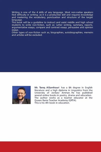 Writing is one of the 4 skills of any language. Most non-native speakers find difficulty in writing; as it is a productive skill and requires knowledge and mastering the vocabulary, punctuation and structure of the target language.This book will be a guideline to instruct and assist middle and high school students to write non-fiction, such as: Letter writing, summary, reports, argumentative essays, compare and contrast essays, persuasive and opinion essays.Other types of non-fiction such as, biographies, autobiographies, memoirs and articles will be excluded.
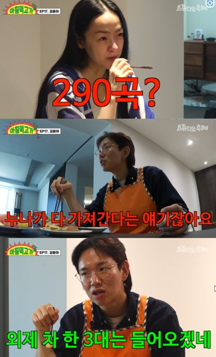 김윤아는 "얼마 전에 듣기로는 이승철 형님이 한 달에 외제 차 한 대 값 정도는 들어온다고 하던데 누나는 얼마 정도 들어오냐"는 장성규의 질문에 "공개하지 않을 것이다. 쉽게 안 넘어간다. 외제 차가 어떤 외제 차냐에 따라 달렸다"라고 말했다.
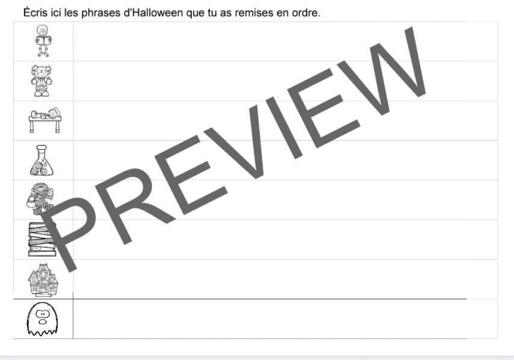 Une activité d’Halloween sur la remise en ordre de phrases simples pour les enfants de CP, CE1… (1ère et 2ème primaire).
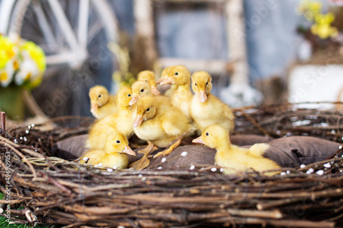 Yellow ducklings in a wooden basket
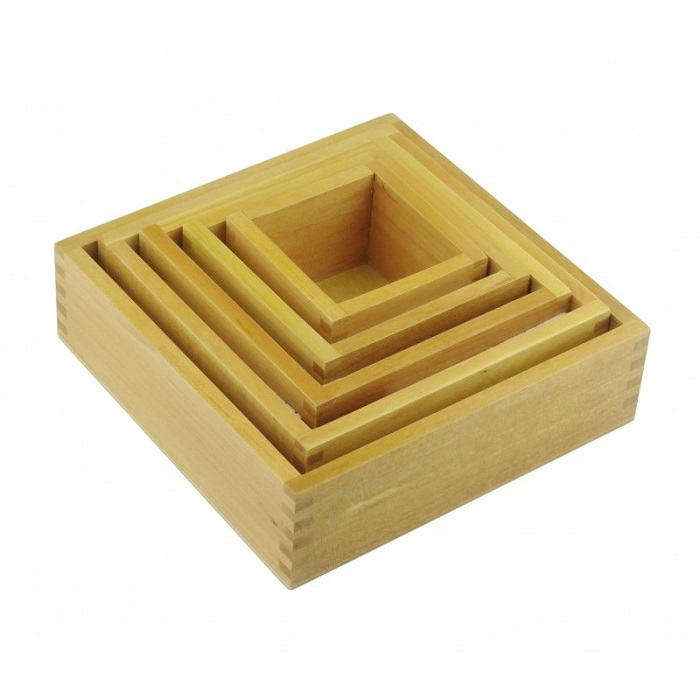 Игра с коробочками аналогична складыванию матрёшки, но конструкция более очевидна для детей младшего возраста, так как коробочки не имеют крышек.

--*--

This exercise needs every entry retyped exactly, with the pictures removed.

 Writing is one of the 4 skills of any language. Most non-native speakers find difficulty in writing; as it is a productive skill and requires knowledge and mastering the vocabulary, punctuation and structure of the target language.This book will be a guideline to instruct and assist middle and high school students to write non-fiction, such as: Letter writing, summary, reports, argumentative essays, compare and contrast essays, persuasive and opinion essays.Other types of non-fiction such as, biographies, autobiographies, memoirs and articles will be excluded.
 김윤아는 "얼마 전에 듣기로는 이승철 형님이 한 달에 외제 차 한 대 값 정도는 들어온다고 하던데 누나는 얼마 정도 들어오냐"는 장성규의 질문에 "공개하지 않을 것이다. 쉽게 안 넘어간다. 외제 차가 어떤 외제 차냐에 따라 달렸다"라고 말했다.
 Une activité d’Halloween sur la remise en ordre de phrases simples pour les enfants de CP, CE1… (1ère et 2ème primaire).
 Yellow ducklings in a wooden basket
 Игра с коробочками аналогична складыванию матрёшки, но конструкция более очевидна для детей младшего возраста, так как коробочки не имеют крышек.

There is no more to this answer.